What is expected: A verbatim printing of the entries that follow is needed; pictures must not appear in it.

********************

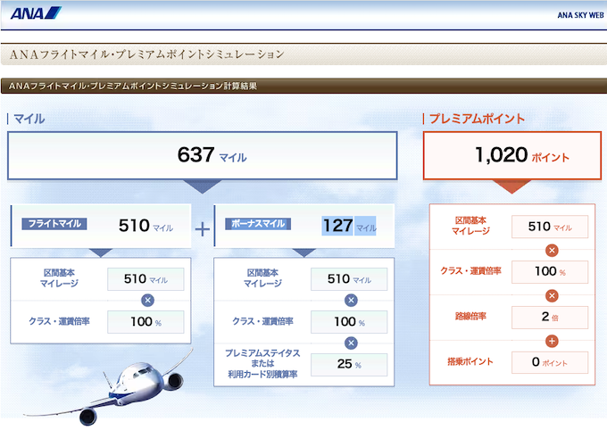 - プレミアム:区間基本マイレージ×クラス・運賃倍率×50%
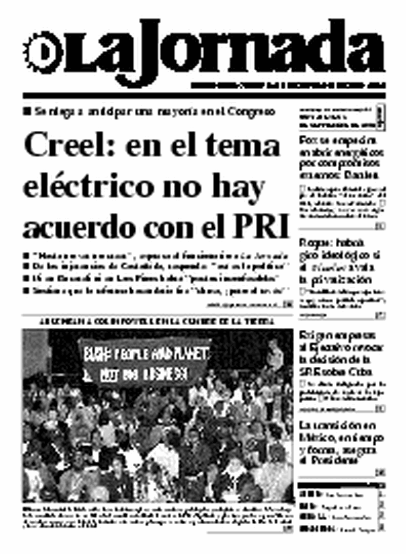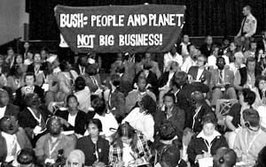 El discurso del secretario de Estado estadunidense fue interrumpido en varios ocasiones por delegados y ecologistas en el recinto en Johannesburgo donde se realizaba el encuentro mundial sobre desarrollo sostenible. En la manta se lee: ``Bush: población y planeta, no grandes empresas''. La reunión concluyó ayer con un sentimiento de frustración entre naciones pobres, que no confían en que las resoluciones adoptadas las libren de la miseria y frenen el creciente deterioro ambiental FOTO AFP
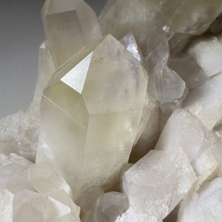 こちらは大小の結晶が重なり合うクラスターに、やわらかな黄金色のポイントが際立つ存在感のある一点です。
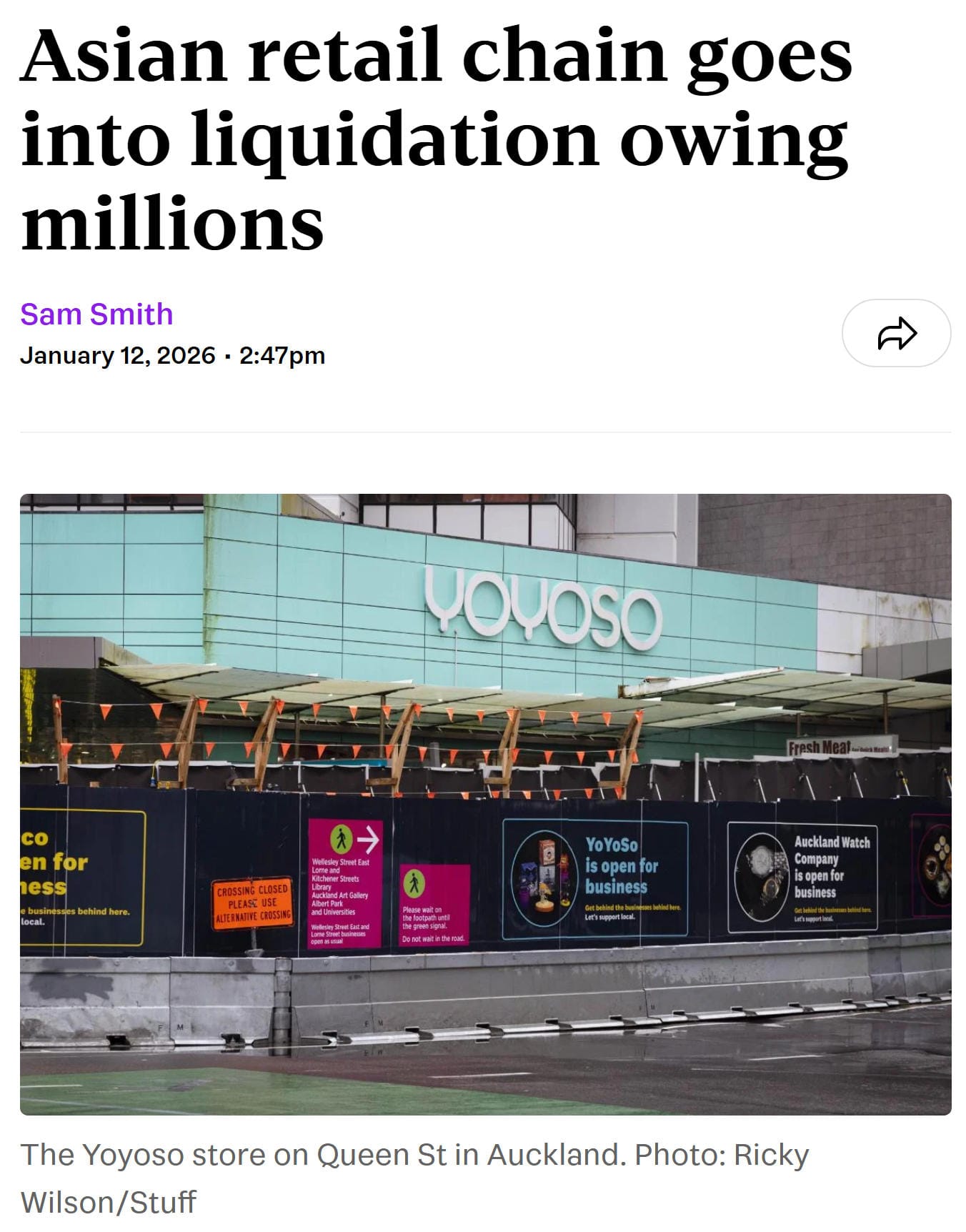 因为这个工程,Yoyoso申请到部分补偿金,用于市场营销,但“这笔钱帮不了我们付房租”,当时店经理对新西兰媒体说。
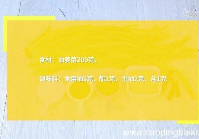 步骤1食材:油麦菜200克调味料:食用油3克、醋1克、生抽2克、盐1克【凉拌油麦菜的做法 凉拌油麦菜怎么做】步骤2油麦菜洗净,水沸后放入锅中焯水30秒,捞出,装盘 。步骤3放入醋、生抽、盐 。步骤4热锅倒油,油烧热后浇在油麦菜上,拌匀即可...
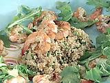 Transfer tabbouleh to a platter and top with the grilled shrimp. Garnish with fresh mint leaves.
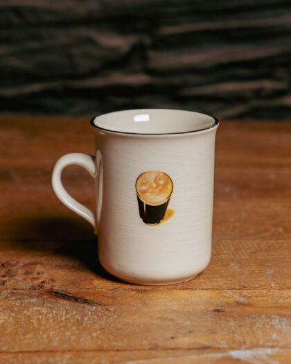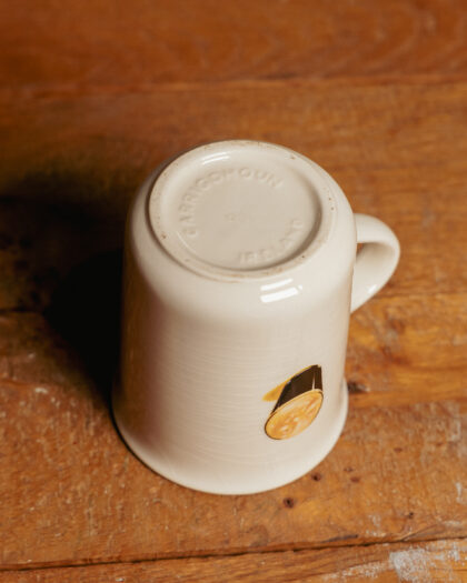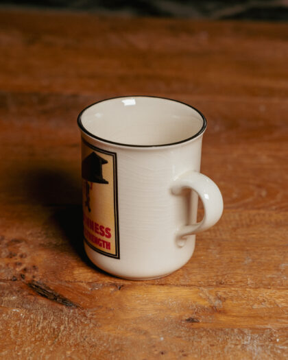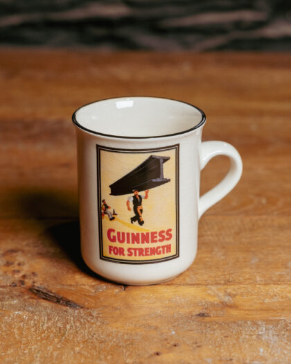 A white glazed ceramic mug with applied Guinness for Strength poster and mascot. Made by Carrigdhoun Ireland.
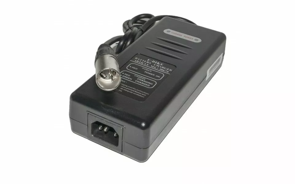 Oplader fra Promovec, med 4 stikben. Laderen bruges til de fleste systemer fra Promovec med 36 volt (2Ah) og 4 stikben. Billedet kan variere.
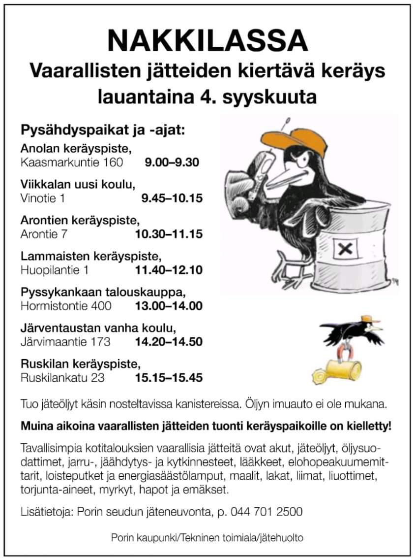 Nakkilassa vaarallisten jätteiden kiertävä keräys lauantaina 4.syyskuuta 2021. Pysähdyspaikat ja -ajat tästä
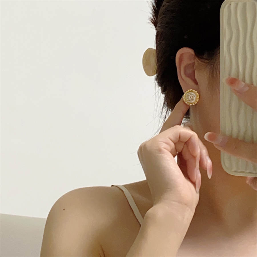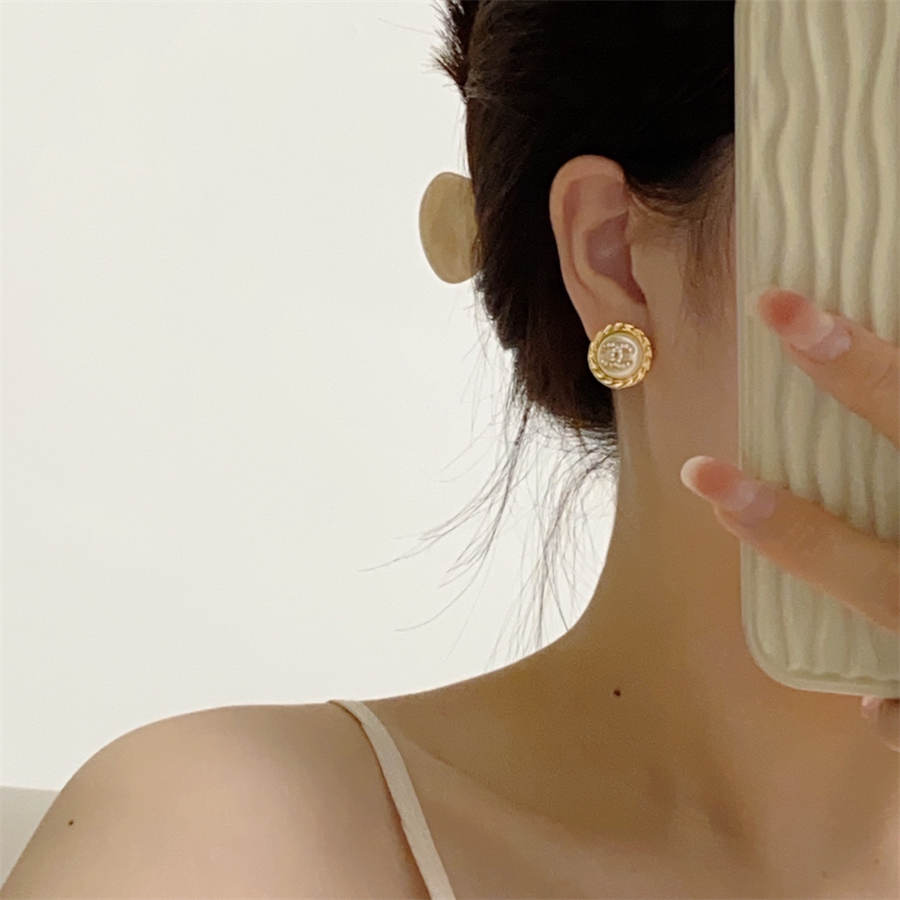 • Chanel medium antique gold double C stud earrings with diamonds DXD
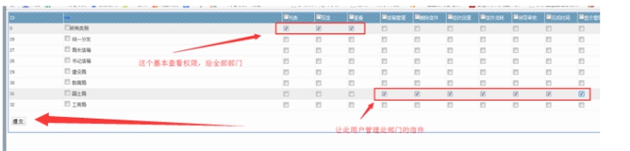 右邊的管理權限根據(jù)自己所管理的部門,去勾選即可。

********************

Solution:
 - プレミアム:区間基本マイレージ×クラス・運賃倍率×50%
 El discurso del secretario de Estado estadunidense fue interrumpido en varios ocasiones por delegados y ecologistas en el recinto en Johannesburgo donde se realizaba el encuentro mundial sobre desarrollo sostenible. En la manta se lee: ``Bush: población y planeta, no grandes empresas''. La reunión concluyó ayer con un sentimiento de frustración entre naciones pobres, que no confían en que las resoluciones adoptadas las libren de la miseria y frenen el creciente deterioro ambiental FOTO AFP
 こちらは大小の結晶が重なり合うクラスターに、やわらかな黄金色のポイントが際立つ存在感のある一点です。
 因为这个工程,Yoyoso申请到部分补偿金,用于市场营销,但“这笔钱帮不了我们付房租”,当时店经理对新西兰媒体说。
 步骤1食材:油麦菜200克调味料:食用油3克、醋1克、生抽2克、盐1克【凉拌油麦菜的做法 凉拌油麦菜怎么做】步骤2油麦菜洗净,水沸后放入锅中焯水30秒,捞出,装盘 。步骤3放入醋、生抽、盐 。步骤4热锅倒油,油烧热后浇在油麦菜上,拌匀即可...
 Transfer tabbouleh to a platter and top with the grilled shrimp. Garnish with fresh mint leaves.
 A white glazed ceramic mug with applied Guinness for Strength poster and mascot. Made by Carrigdhoun Ireland.
 Oplader fra Promovec, med 4 stikben. Laderen bruges til de fleste systemer fra Promovec med 36 volt (2Ah) og 4 stikben. Billedet kan variere.
 Nakkilassa vaarallisten jätteiden kiertävä keräys lauantaina 4.syyskuuta 2021. Pysähdyspaikat ja -ajat tästä
 • Chanel medium antique gold double C stud earrings with diamonds DXD
 右邊的管理權限根據(jù)自己所管理的部門,去勾選即可。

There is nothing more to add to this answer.